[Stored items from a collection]
____________
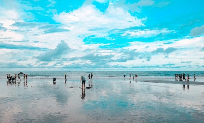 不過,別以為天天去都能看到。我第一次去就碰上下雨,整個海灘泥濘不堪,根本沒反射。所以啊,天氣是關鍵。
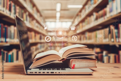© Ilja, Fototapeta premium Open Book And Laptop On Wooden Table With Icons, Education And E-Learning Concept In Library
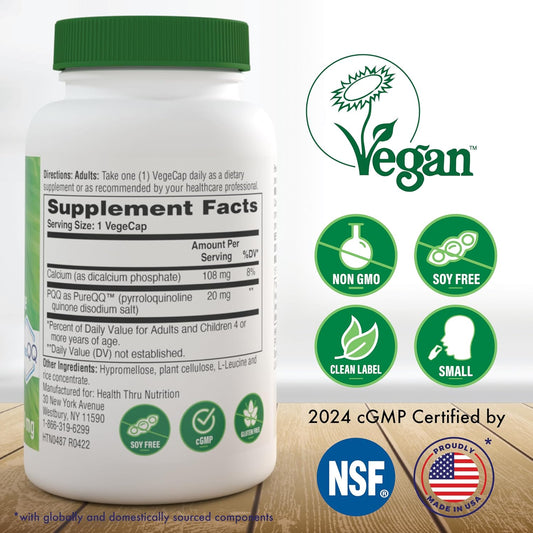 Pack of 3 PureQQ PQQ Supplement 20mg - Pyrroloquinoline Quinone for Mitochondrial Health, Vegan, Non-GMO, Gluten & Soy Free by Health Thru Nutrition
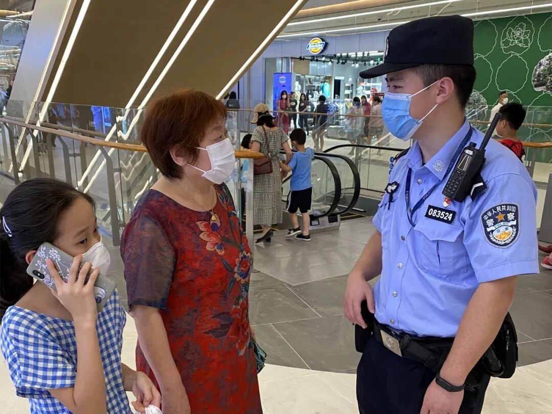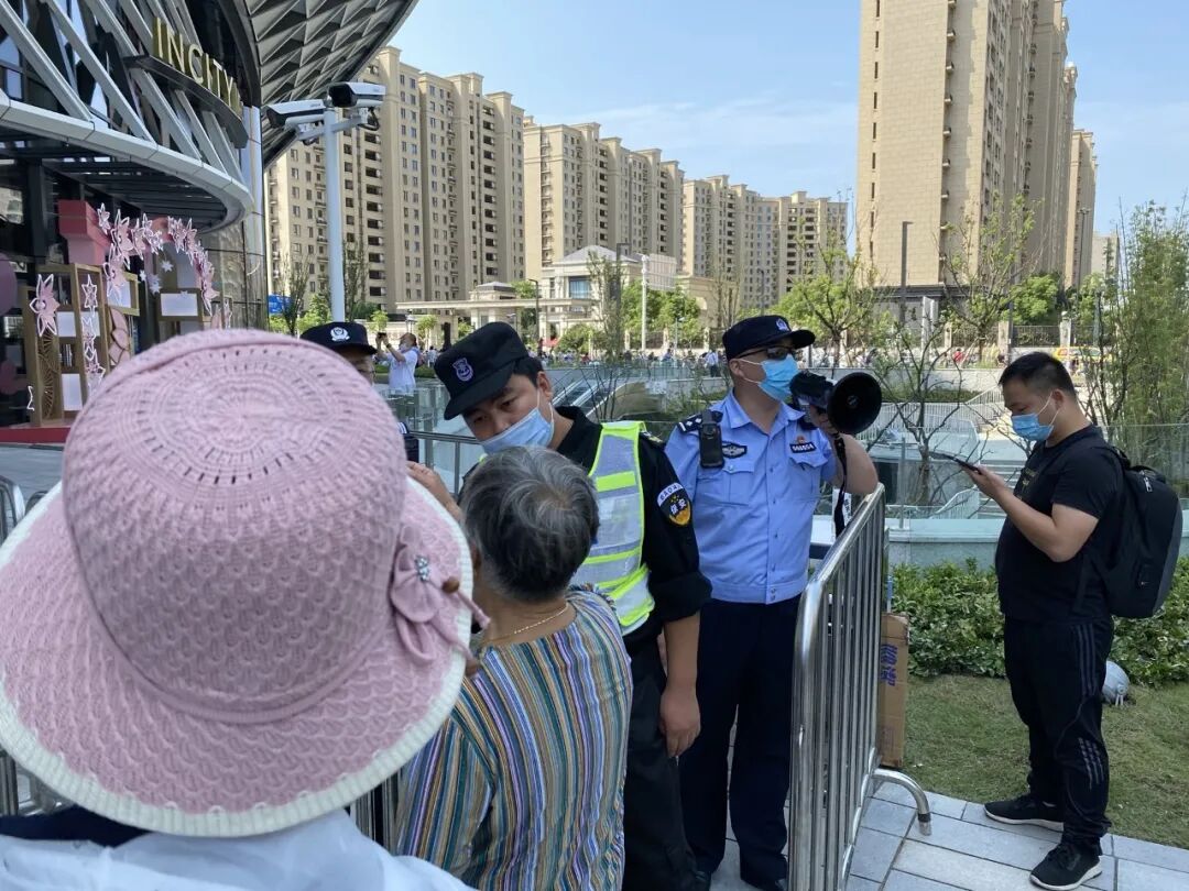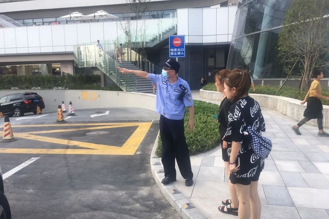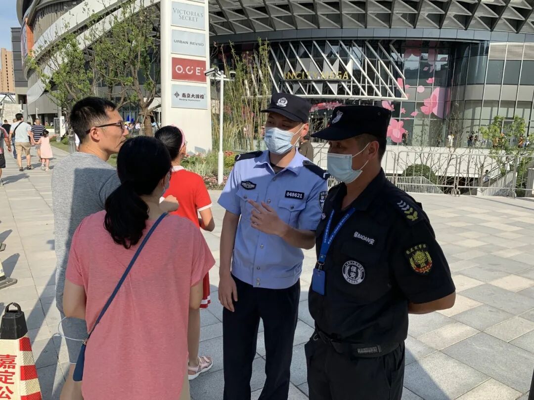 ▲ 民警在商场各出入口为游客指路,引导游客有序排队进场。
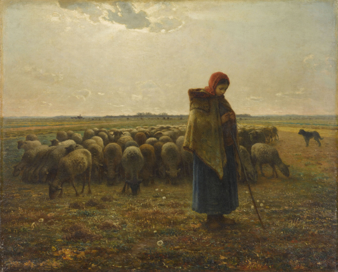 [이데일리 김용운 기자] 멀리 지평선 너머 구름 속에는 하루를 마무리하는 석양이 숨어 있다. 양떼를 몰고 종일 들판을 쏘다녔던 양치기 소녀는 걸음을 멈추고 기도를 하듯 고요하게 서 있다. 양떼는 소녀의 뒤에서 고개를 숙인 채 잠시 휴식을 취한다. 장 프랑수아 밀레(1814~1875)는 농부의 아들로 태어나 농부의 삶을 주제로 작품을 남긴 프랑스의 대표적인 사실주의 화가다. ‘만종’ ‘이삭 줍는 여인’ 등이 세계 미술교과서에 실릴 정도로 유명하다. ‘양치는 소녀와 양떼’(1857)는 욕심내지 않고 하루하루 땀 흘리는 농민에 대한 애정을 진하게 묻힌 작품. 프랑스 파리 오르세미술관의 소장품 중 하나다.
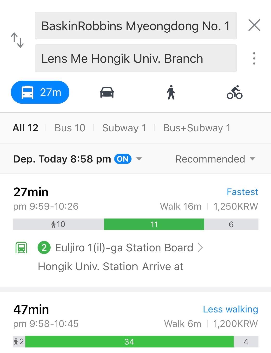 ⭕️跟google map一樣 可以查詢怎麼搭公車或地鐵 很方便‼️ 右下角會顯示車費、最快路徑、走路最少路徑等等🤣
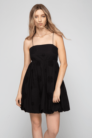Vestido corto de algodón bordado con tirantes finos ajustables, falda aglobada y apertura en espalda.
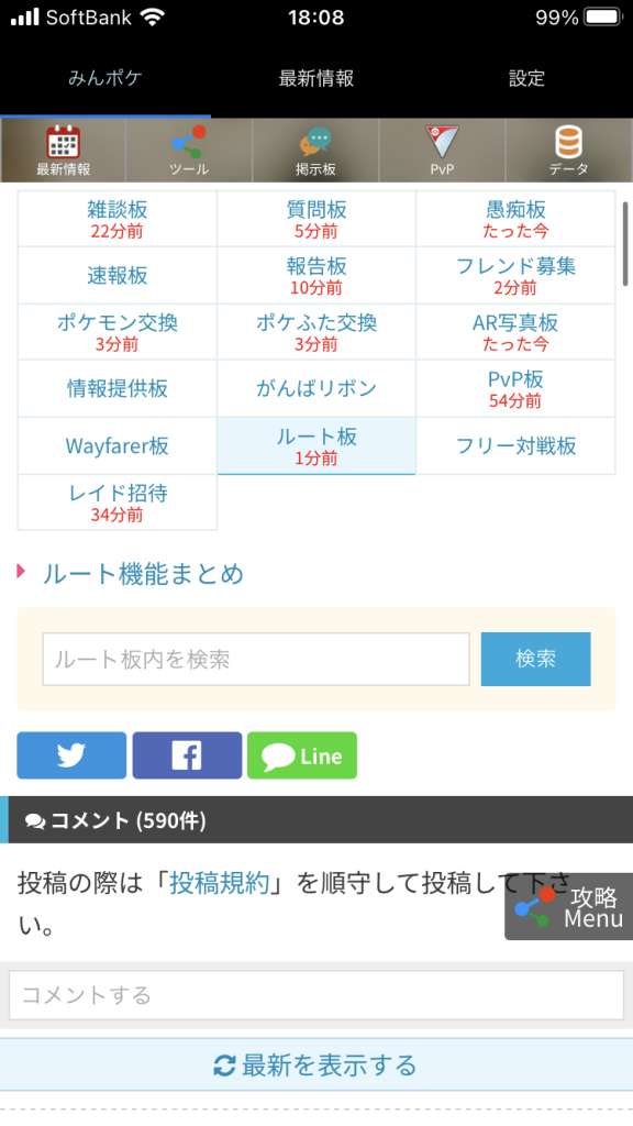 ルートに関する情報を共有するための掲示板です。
____________
[PROBLEM TO SOLVE]
Return the records word for word, leaving every picture out of the copy.

[ANSWER BOX]
 不過,別以為天天去都能看到。我第一次去就碰上下雨,整個海灘泥濘不堪,根本沒反射。所以啊,天氣是關鍵。
© Ilja, Fototapeta premium Open Book And Laptop On Wooden Table With Icons, Education And E-Learning Concept In Library
 Pack of 3 PureQQ PQQ Supplement 20mg - Pyrroloquinoline Quinone for Mitochondrial Health, Vegan, Non-GMO, Gluten & Soy Free by Health Thru Nutrition
 ▲ 民警在商场各出入口为游客指路,引导游客有序排队进场。
 [이데일리 김용운 기자] 멀리 지평선 너머 구름 속에는 하루를 마무리하는 석양이 숨어 있다. 양떼를 몰고 종일 들판을 쏘다녔던 양치기 소녀는 걸음을 멈추고 기도를 하듯 고요하게 서 있다. 양떼는 소녀의 뒤에서 고개를 숙인 채 잠시 휴식을 취한다. 장 프랑수아 밀레(1814~1875)는 농부의 아들로 태어나 농부의 삶을 주제로 작품을 남긴 프랑스의 대표적인 사실주의 화가다. ‘만종’ ‘이삭 줍는 여인’ 등이 세계 미술교과서에 실릴 정도로 유명하다. ‘양치는 소녀와 양떼’(1857)는 욕심내지 않고 하루하루 땀 흘리는 농민에 대한 애정을 진하게 묻힌 작품. 프랑스 파리 오르세미술관의 소장품 중 하나다.
 ⭕️跟google map一樣 可以查詢怎麼搭公車或地鐵 很方便‼️ 右下角會顯示車費、最快路徑、走路最少路徑等等🤣
Vestido corto de algodón bordado con tirantes finos ajustables, falda aglobada y apertura en espalda.
 ルートに関する情報を共有するための掲示板です。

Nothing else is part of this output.